# November 14, 2020

## Some additional considerations

### A month column for the storms dataframe

It will be easier to create graphics based on data for specific months if we add a column to the `storms` dataset that gives the month the storm formed in.

This will be easier to parse if we make the `date` column in `positions` a datetime variable, which we should've done to begin with.

In [9]:
import pandas as pd

positions = pd.read_csv("../data/02_intermediate/Atlantic_positions.csv")
storms = pd.read_csv("../data/02_intermediate/Atlantic_storms.csv")

month_formed = []

positions["date"] = pd.to_datetime(positions["date"], format = "%Y%m%d")

for stormID in storms["stormID"]:
    
    months = positions[positions["stormID"] == stormID]["date"].dt.month
    
    monthslist = months.tolist()
    
    month_formed.append(monthslist[0])

storms["month_formed"] = pd.Series(month_formed)

storms.head()

Unnamed: 0,stormID,name,numPositions,year,month_formed
0,AL011851,UNNAMED,14,1851,6
1,AL021851,UNNAMED,1,1851,7
2,AL031851,UNNAMED,1,1851,7
3,AL041851,UNNAMED,49,1851,8
4,AL051851,UNNAMED,16,1851,9


This looks like it worked, but let's check a few cases farther down the storm list to make sure.

In [16]:
storms[storms["year"] >= 2017]

Unnamed: 0,stormID,name,numPositions,year,month_formed
1839,AL012017,ARLENE,27,2017,4
1840,AL022017,BRET,9,2017,6
1841,AL032017,CINDY,20,2017,6
1842,AL042017,FOUR,9,2017,7
1843,AL052017,DON,7,2017,7
1844,AL062017,EMILY,11,2017,7
1845,AL072017,FRANKLIN,18,2017,8
1846,AL082017,GERT,28,2017,8
1847,AL092017,HARVEY,74,2017,8
1848,AL112017,IRMA,66,2017,8


Seems like this should be right, then!

I'll add this code into the data cleaning function and run it again.

### Web scraping for latest version of dataset

I ran into the issue earlier of the filename changing with each new version of the dataset.
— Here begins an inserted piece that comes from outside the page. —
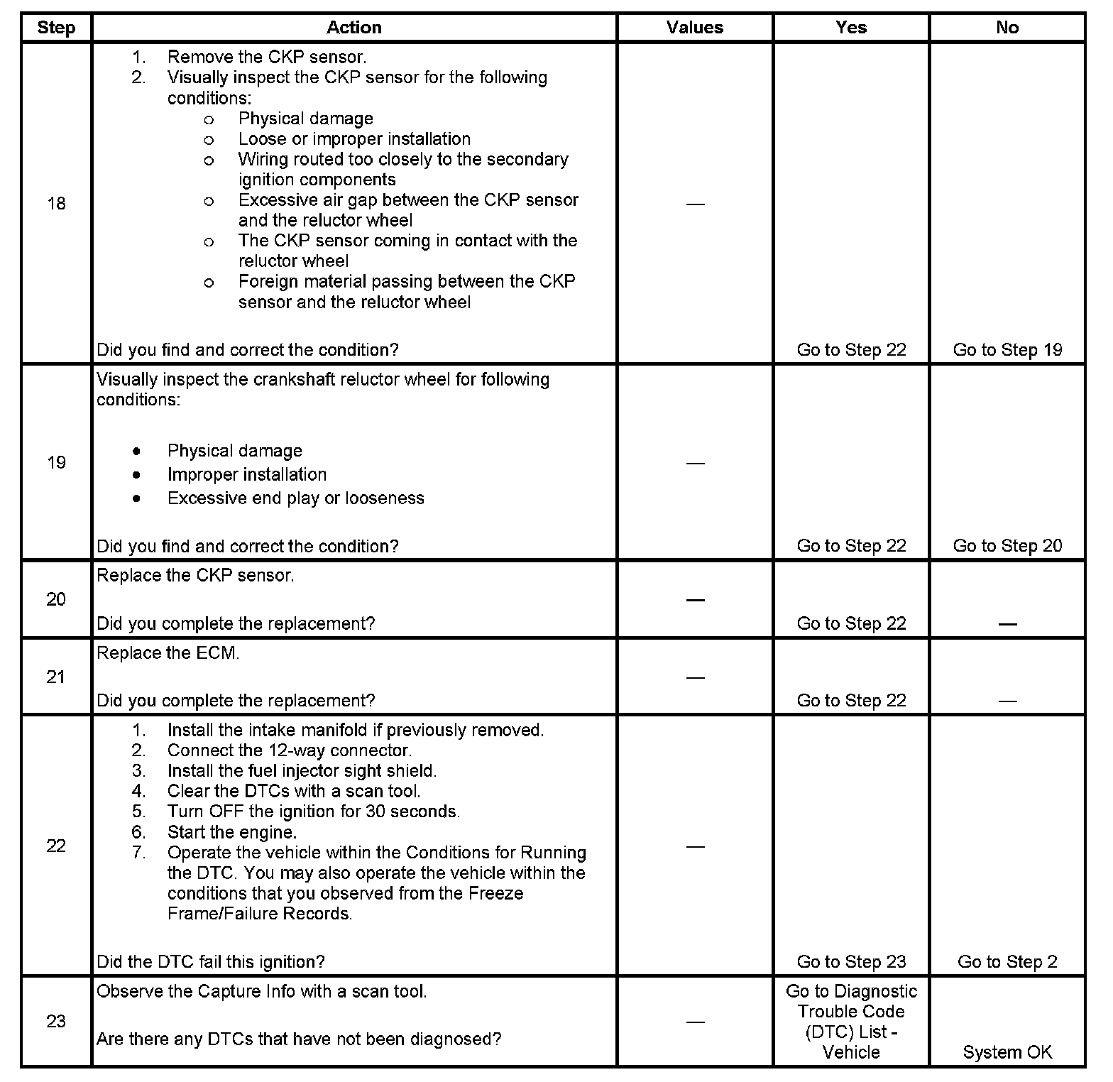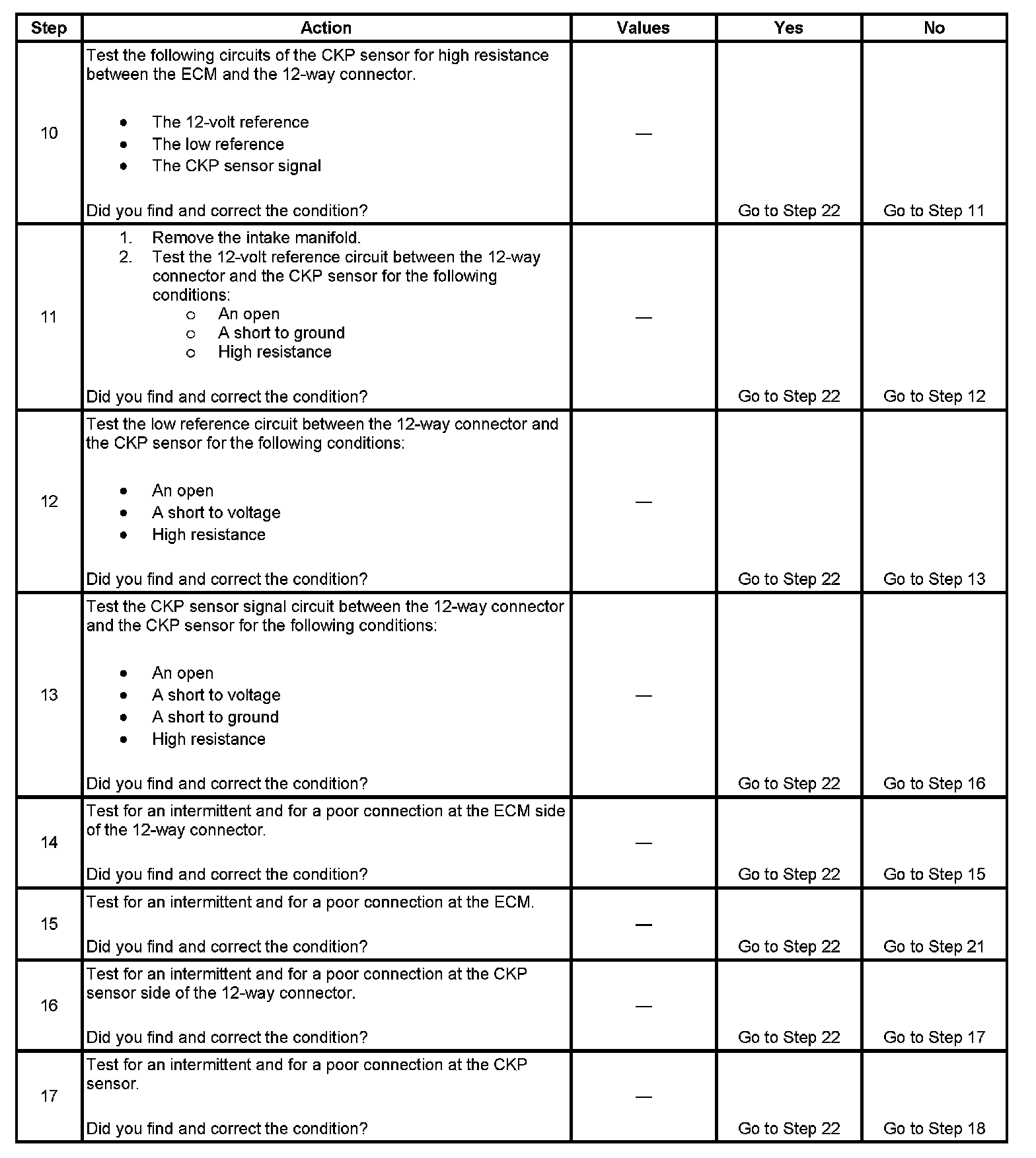 The crankshaft position (CKP) sensor signal indicates the crankshaft speed and position. The CKP sensor produces a DC voltage of varying amplitude and frequency. The frequency depends on the velocity of the crankshaft, and the DC output voltage depends on crankshaft position and battery voltage. The CKP sensor works in conjunction with a 58-tooth reluctor wheel attached to the crankshaft. The engine control module (ECM) determines the crankshaft position by the reference gap. The ECM can synchronize the ignition timing, fuel injector timing, and the spark knock control based on the CKP sensor and the camshaft position (CMP) sensor inputs. The CKP sensor is also used to detect a misfire. The CKP sensor circuits connect directly to the ECM. The circuits between the CKP sensor and the ECM consists of the following:
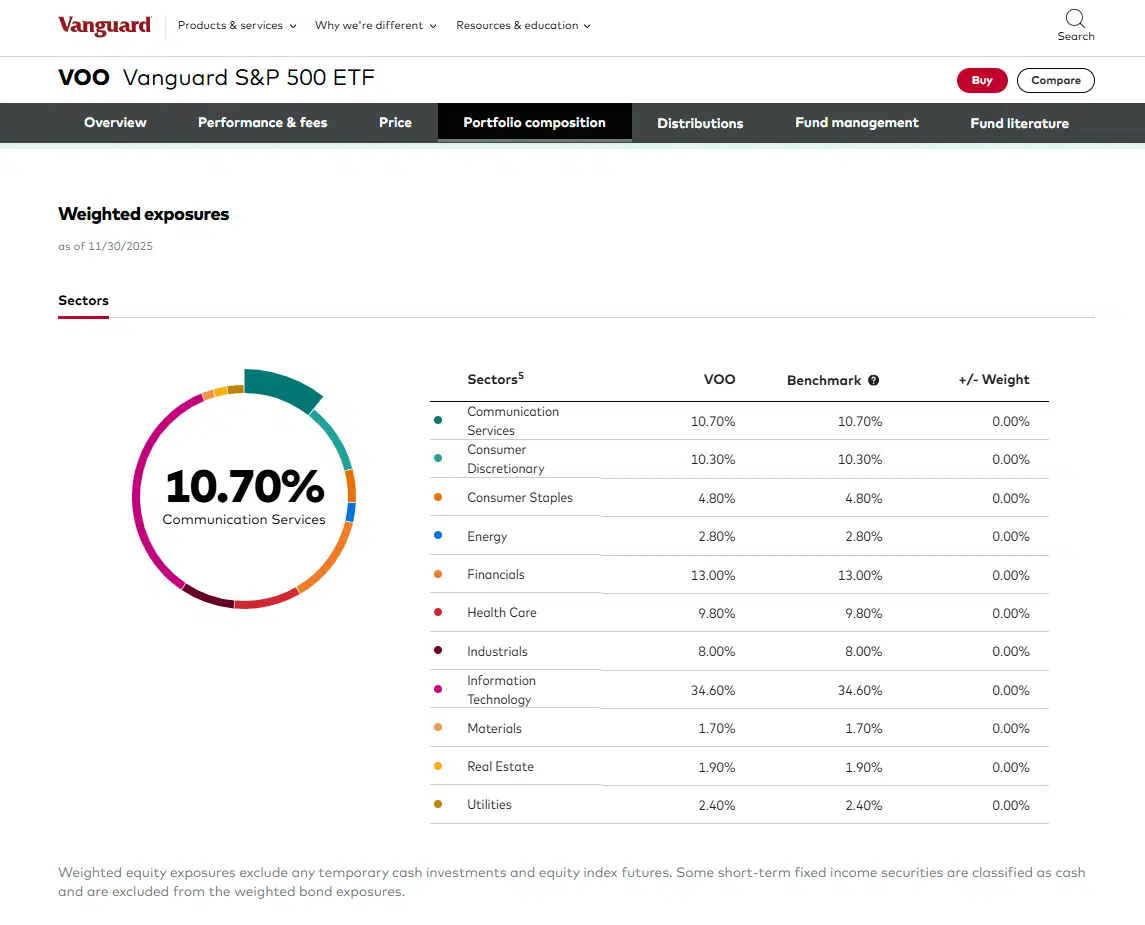 Sector allocation VOO

However, the link to this dataset is always hosted at the same location on the NHC Data Archive page. So, by employing a simple web scraper using BeautifulSoup I can convert the data download function to always download the latest version.

There's really no need to use a historical version of the dataset as rows newer than desired can just be excluded as a subset.

In [17]:
import os, sys
import pandas as pd

import requests
from bs4 import BeautifulSoup

root_dir = os.path.join(os.getcwd(), '..')
sys.path.append(root_dir)

def download_atlantic_hurdat_raw(dest_filename = "Atlantic"):
    
    URL = "https://www.nhc.noaa.gov/data/"
    r = requests.get(URL)

    soup = BeautifulSoup(r.content, 'html5lib')

    for element in soup.find_all('span'):
        if "Atlantic hurricane database (HURDAT2)" in element.text:
            target = element
    
    source = ("https://www.nhc.noaa.gov") + (target.next_sibling.next_sibling.attrs['href'])

    download_dataset = pd.read_csv(source, header = None, names = list(range(0, 20)))

    download_dataset.to_csv(f"../data/01_raw/{dest_filename}.csv", 
                            header = False, index = False)

    print(f"Downloaded data to /data/01_raw/{dest_filename}.csv")
    
    # Show the newly downloaded dataset
    return download_dataset.head()

In [18]:
download_atlantic_hurdat_raw()

Downloaded data to /data/01_raw/Atlantic.csv


Unnamed: 0,0,1,2,3,4,5,6,7,8,9,10,11,12,13,14,15,16,17,18,19
0,AL011851,UNNAMED,14.0,,,,,,,,,,,,,,,,,
1,18510625,0000,,HU,28.0N,94.8W,80.0,-999.0,-999.0,-999.0,-999.0,-999.0,-999.0,-999.0,-999.0,-999.0,-999.0,-999.0,-999.0,-999.0
2,18510625,0600,,HU,28.0N,95.4W,80.0,-999.0,-999.0,-999.0,-999.0,-999.0,-999.0,-999.0,-999.0,-999.0,-999.0,-999.0,-999.0,-999.0
3,18510625,1200,,HU,28.0N,96.0W,80.0,-999.0,-999.0,-999.0,-999.0,-999.0,-999.0,-999.0,-999.0,-999.0,-999.0,-999.0,-999.0,-999.0
4,18510625,1800,,HU,28.1N,96.5W,80.0,-999.0,-999.0,-999.0,-999.0,-999.0,-999.0,-999.0,-999.0,-999.0,-999.0,-999.0,-999.0,-999.0


These minor changes should allow the project to be at a good state for a first push to GitHub!